My apologies for mixing cultures, but the time was a melting pot of ideas.


----------



## Ingélou (Feb 10, 2013)

Just look at post number 2 - it's fabulous! :tiphat:

 Thanks, Ramako!


----------



## HaydnBearstheClock (Jul 6, 2013)

Weston said:


> My favorite composer could rarely cook a meal in several courses with variety, but they are hearty meals.
> 
> 1st movement - Allegro con caffe, 60 beans per cup
> 2nd movement - Andante con carne, little Vienna sausages
> ...


oh wow, you've got my saliva going there .


----------



## HaydnBearstheClock (Jul 6, 2013)

EricABQ said:


> I've always thought of Vivaldi as a palette cleanser. Like a nice crisp salad with a vinaigrette dressing. Something to cut through the fat of the romantic period (fat in a good way, not a bad way.)
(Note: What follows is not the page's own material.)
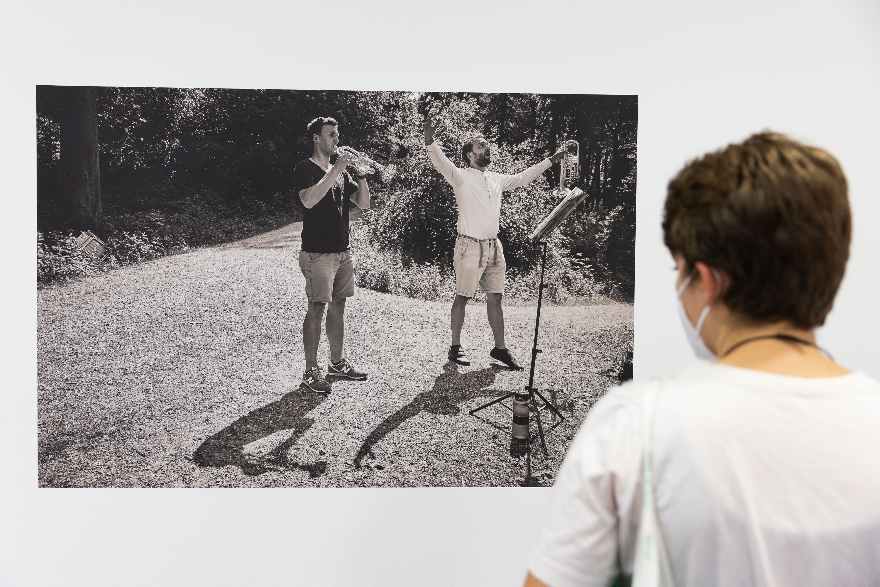 In der Ausstellung gezeigt werden etwa Fotografien von einem mit Corona infizierten Intensivpatienten mit Beatmungsmaske und Schläuchen über dem Brustkorb, von einer Intensivkrankenschwester in Schutzkleidung, von Trauernden auf Abstand bei einer Beerdigung, von einer Erzieherin, die einem Kita-Kind hinter einer Scheibe zuwinkt, von einem Musikstudenten, der mit seinem Trompetenlehrer im Wald übt, weil im Mai 2020 Blasinstrumente in den Räumen der Hochschule nicht gespielt werden dürfen. Viele der Fotografierten waren bei der Eröffnung der Ausstellung dabei, wie der Musikstudent Manuel Galemann, der wegen der Corona-Beschränkungen im Wald üben musste und am Sonntag seine Trompete auf der Terrasse der Wolfsburg unter freiem Himmel spielte.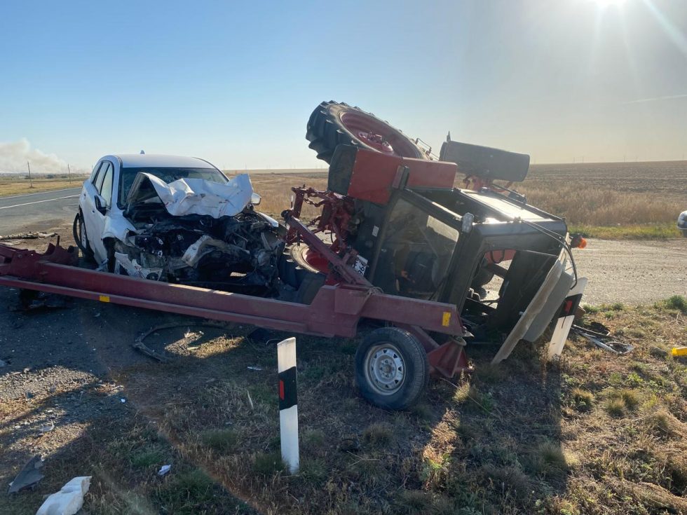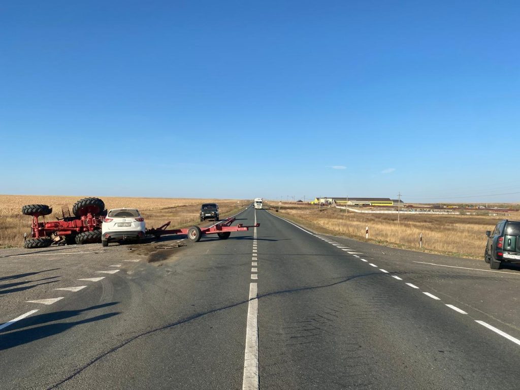 От удара транспортные средства развернуло на дороге. Иномарка и трактор получили серьезные механические повреждения.

I like that fat metaphor .


----------



## HaydnBearstheClock (Jul 6, 2013)

Entrée: Pizza à la Carne con pisci served by Wolfgang

Main meal: fat Leviathan served right by Joseph
cochons jouissantes served by Georg Philipp
fire-fried chicken served by Georg Friedrich
pastoral, hairy Turkey served by Ludwig
Rat king served by Pyotr,

Dessert: Brandenburg cupcakes served by Johann Sebastian


----------



## Huilunsoittaja (Apr 6, 2010)

If music were food, I would be morbidly obese, that's the grim truth. From eating Russian delicacies of course.

So, I'm glad music isn't food.

:lol:


----------



## HaydnBearstheClock (Jul 6, 2013)

Huilunsoittaja said:


> If music were food, I would be morbidly obese, that's the grim truth. From eating Russian delicacies of course.
> 
> So, I'm glad music isn't food.
> 
> :lol:


you're Russian? Cool, I speak Russian too.


----------



## Huilunsoittaja (Apr 6, 2010)

HaydnBearstheClock said:


> you're Russian? Cool, I speak Russian too.


I wish I was Russian sometimes...

I'm a Russian at heart! Is that enough?


----------



## HaydnBearstheClock (Jul 6, 2013)

Huilunsoittaja said:


> I wish I was Russian sometimes...
> 
> I'm a Russian at heart! Is that enough?


I'm not an official 'Russian' either (was born in Ukraine), but still, mother Russia rules .


----------